Storing segments over HDFS

I am trying to ingest data into Druid and using HDFS as deep storage. I have 5 nodes in the cluster and my hdfs storage directory is “/data” on every node ( so there are directories like ‘/data/dfs’ , /data/dfs/nn’, ‘/data/dfs/dn’ on different nodes).
So,

  1. What should be the value of the property druid.storage.storageDirectory ?

  2. Does Druid automatically understand that HDFS is spread over 5 nodes and also the namenodes and datanodes.

  3. How does Druid interact with the HDFS?

  4. Where is the data stored by the Realtime and Historical nodes?

Hi Saksham,

This may be help to you. https://groups.google.com/forum/#!topic/druid-user/ZlONEHlJs6g

You’ll need to do 3 things to use HDFS for deep storage.

  1. Include the HDFS extension in your list of extensions.

  2. Set the proper configs to HDFS

  3. Include relevant hadoop configuration files in the classpath of the nodes you are using.
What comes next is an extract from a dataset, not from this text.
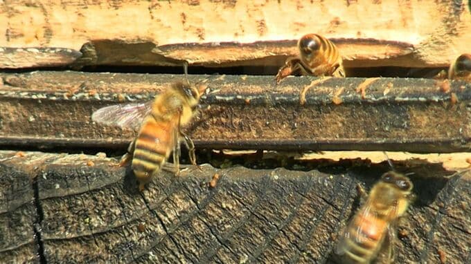 ウクライナの国の花、ヒマワリの畑に巣箱が並んでいます。実はウクライナは、人口の1パーセントにあたるおよそ40万人が養蜂業を営む「養蜂大国」。生産された蜂蜜は40か国以上に輸出されてきました。

在 2015年9月1日星期二 UTC+8下午3:35:30,Saksham Garg写道:

Please find answers inline:

I am trying to ingest data into Druid and using HDFS as deep storage. I have 5 nodes in the cluster and my hdfs storage directory is “/data” on every node ( so there are directories like ‘/data/dfs’ , /data/dfs/nn’, ‘/data/dfs/dn’ on different nodes).
So,

  1. What should be the value of the property druid.storage.storageDirectory ?

Its value should be fully qualified HDFS path i.e hdfs://:/

  1. Does Druid automatically understand that HDFS is spread over 5 nodes and also the namenodes and datanodes.

Druid interacts with HDFS via the HDFS client,hence we need to add all the hadoop dependencies in that classpath of Druid

  1. How does Druid interact with the HDFS?
  1. Where is the data stored by the Realtime and Historical nodes?

Realtime data is keept in memory for the duration of window period and later it is handed over to the hitorical node and persisted on the deep storage,in this case at the specified HDFS location.